▶ _PROBLEM TO SOLVE_: Within the entries below, please retype exactly the lines starting with the line that has "On a background" and going on through the line that has "The coin features", but not the pictures.

▶ _GIVEN DATA_:
====

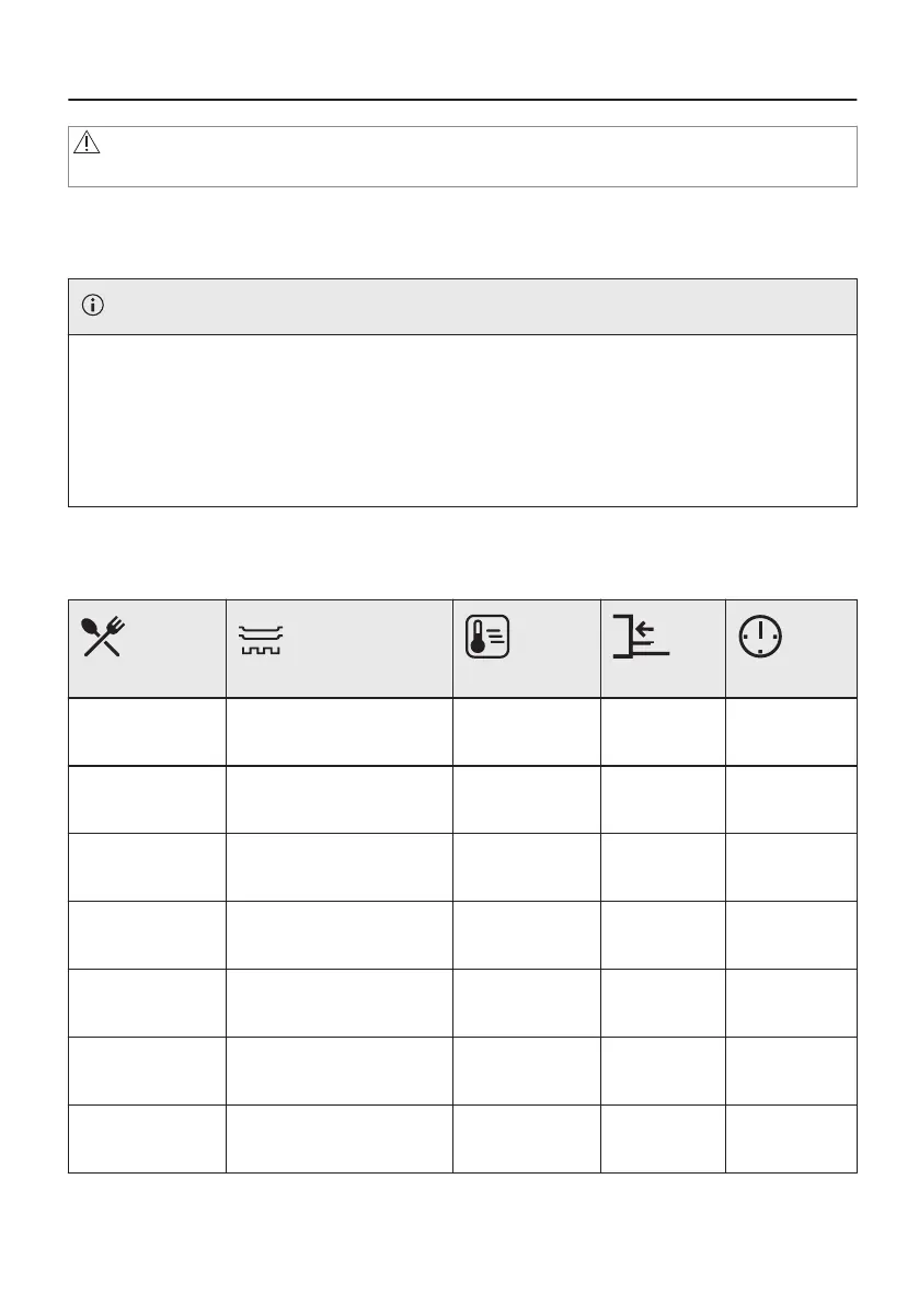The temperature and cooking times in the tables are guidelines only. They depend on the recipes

====

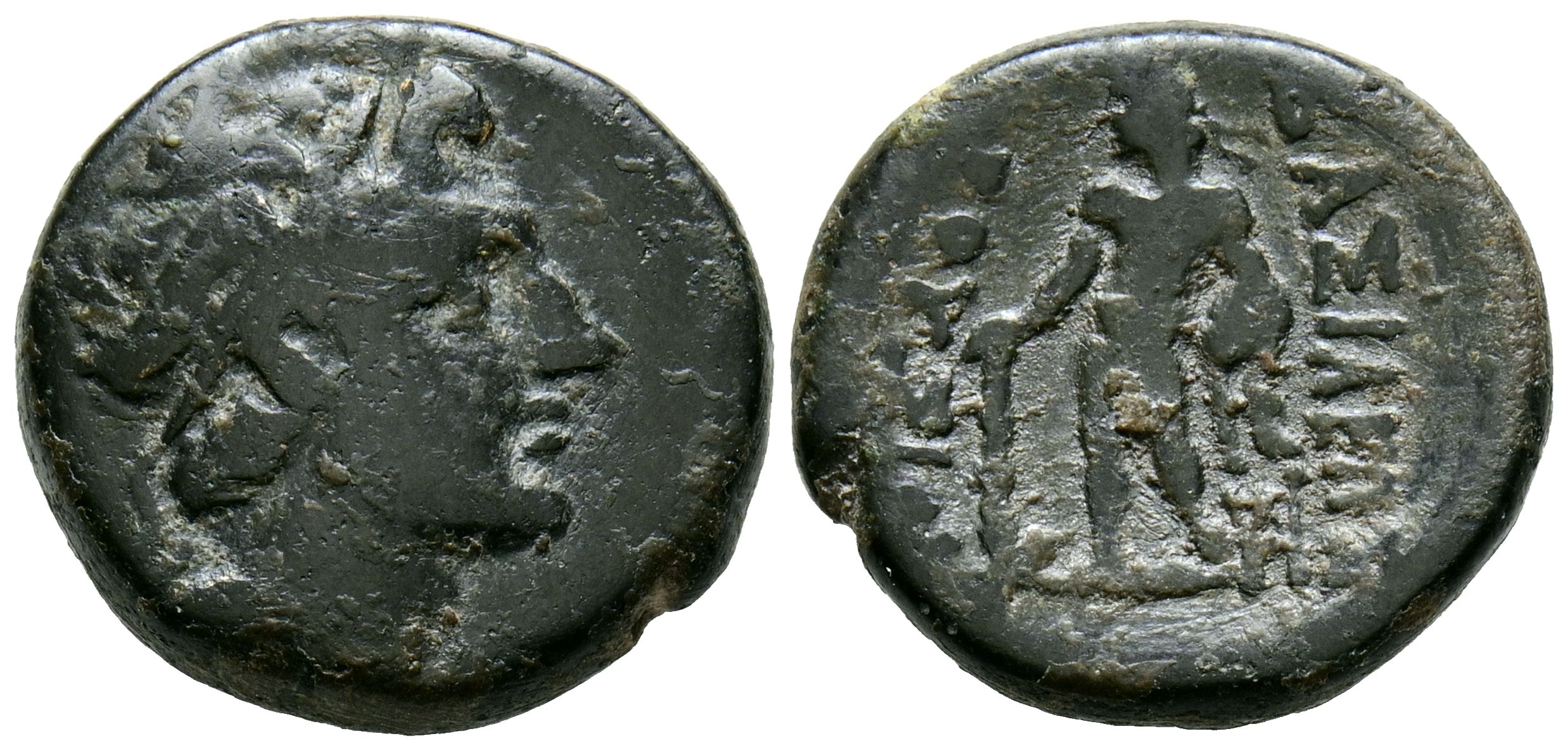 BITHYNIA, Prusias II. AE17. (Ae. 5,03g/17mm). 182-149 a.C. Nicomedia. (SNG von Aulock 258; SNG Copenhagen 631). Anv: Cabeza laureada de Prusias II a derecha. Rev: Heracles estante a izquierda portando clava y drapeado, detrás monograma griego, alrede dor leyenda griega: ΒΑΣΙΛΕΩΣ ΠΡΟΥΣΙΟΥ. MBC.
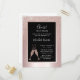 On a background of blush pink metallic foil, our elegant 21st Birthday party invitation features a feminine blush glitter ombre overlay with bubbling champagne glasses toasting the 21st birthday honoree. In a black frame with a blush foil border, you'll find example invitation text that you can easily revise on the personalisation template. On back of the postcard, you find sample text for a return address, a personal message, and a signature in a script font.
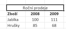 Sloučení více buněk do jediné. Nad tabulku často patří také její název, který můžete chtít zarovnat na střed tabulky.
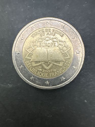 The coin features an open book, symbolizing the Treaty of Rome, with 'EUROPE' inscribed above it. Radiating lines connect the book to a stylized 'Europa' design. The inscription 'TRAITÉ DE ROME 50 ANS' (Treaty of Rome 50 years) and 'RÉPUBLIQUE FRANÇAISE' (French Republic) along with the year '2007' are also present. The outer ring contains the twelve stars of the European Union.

====

▶ _EXERCISE RESPONSE_:
 On a background of blush pink metallic foil, our elegant 21st Birthday party invitation features a feminine blush glitter ombre overlay with bubbling champagne glasses toasting the 21st birthday honoree. In a black frame with a blush foil border, you'll find example invitation text that you can easily revise on the personalisation template. On back of the postcard, you find sample text for a return address, a personal message, and a signature in a script font.
 Sloučení více buněk do jediné. Nad tabulku často patří také její název, který můžete chtít zarovnat na střed tabulky.
 The coin features an open book, symbolizing the Treaty of Rome, with 'EUROPE' inscribed above it. Radiating lines connect the book to a stylized 'Europa' design. The inscription 'TRAITÉ DE ROME 50 ANS' (Treaty of Rome 50 years) and 'RÉPUBLIQUE FRANÇAISE' (French Republic) along with the year '2007' are also present. The outer ring contains the twelve stars of the European Union.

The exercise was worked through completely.